You must also submit a short report (pdf) with performance results (two line plots). The line plots should present the execution times to run the 1D and 2D parallel versions respectively on the input file final.512x512.data (for 4, 8, 16, and 32 processes), running on a 512x512 board for 500 iterations. Since the cluster you run on has 20 cores per node, you must time your code running on two different numbers of cores per node (--ntasks-per-node=8 and 16) to see the performance effects. In total, you will be running each program 8 times for 4 process counts X 2 cores/node settings. In the report, you should mention:
- how you did the decompositions
- how was the initial data distribution done
- what are the performance results, and are they what you expected

You should put the code, Makefile and report in a single directory (named LastName-FirstName-assign1), compress it to .tar.gz (LastName-FirstName-assign1.tar.gz) and upload that to ELMS.

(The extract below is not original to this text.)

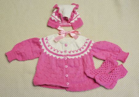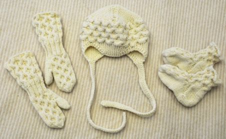 ”Olen vanhan kansan käsityöläinen eli kaikki on aina tehty kotona. Nykyisin sairaudet ovat jo koetelleet minua eikä kaikki käsityö enää onnistu. Neulominen kuuluu kuitenkin joka päivään, vaikka toinen silmäni sokeutui reilut kymmenen vuotta sitten. Lapset ja lapsenlapset, tuttavat ja omaiset saavat käsitöitä lahjaksi. Tämä suloinen neulesetti menee serkkuni pojantytölle. Käsityöt kantavat ihmistä eteenpäin, vaikka elämä kolhisikin!
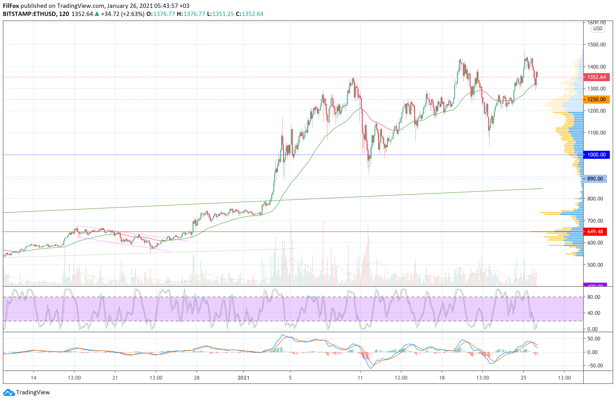 Цена Ethereum вчера долго удерживалась выше отметки 1400.00 USD, но в завершении дня медведи продавили эту поддержку и откатили пару в область средних цен (1300.00 USD).

If you want to try a bigger board, to see if you can get better speedups with more processes, try running on the input file life.1024x1024.data.

Tips

Quick deepthought2 primer.
Use the compiler flag -g while debugging but -O2 when collecting performance numbers.
MPI_Wtime example

Grading

The project will be graded as follows:

Component	Percentage
Runs correctly with 4 processes	30 (15% each decomposition)
Runs correctly with 16 processes	40 (20% each decomposition)
Speedup with 4 processes	10 (5% each decomposition)
Speedup with 16 processes	10 (5% each decomposition)
Writeup	10

NOTE: If your program does not run correctly, you do NOT get any points for performance/speedup.

The speedup will be computed using the provided serial code as the baseline. You will get full points as long as your speedup is within 2 times (2x) of the expected speedup. For performance worse than 2x of the expected speedup, you will receive credit proportional to your speedup.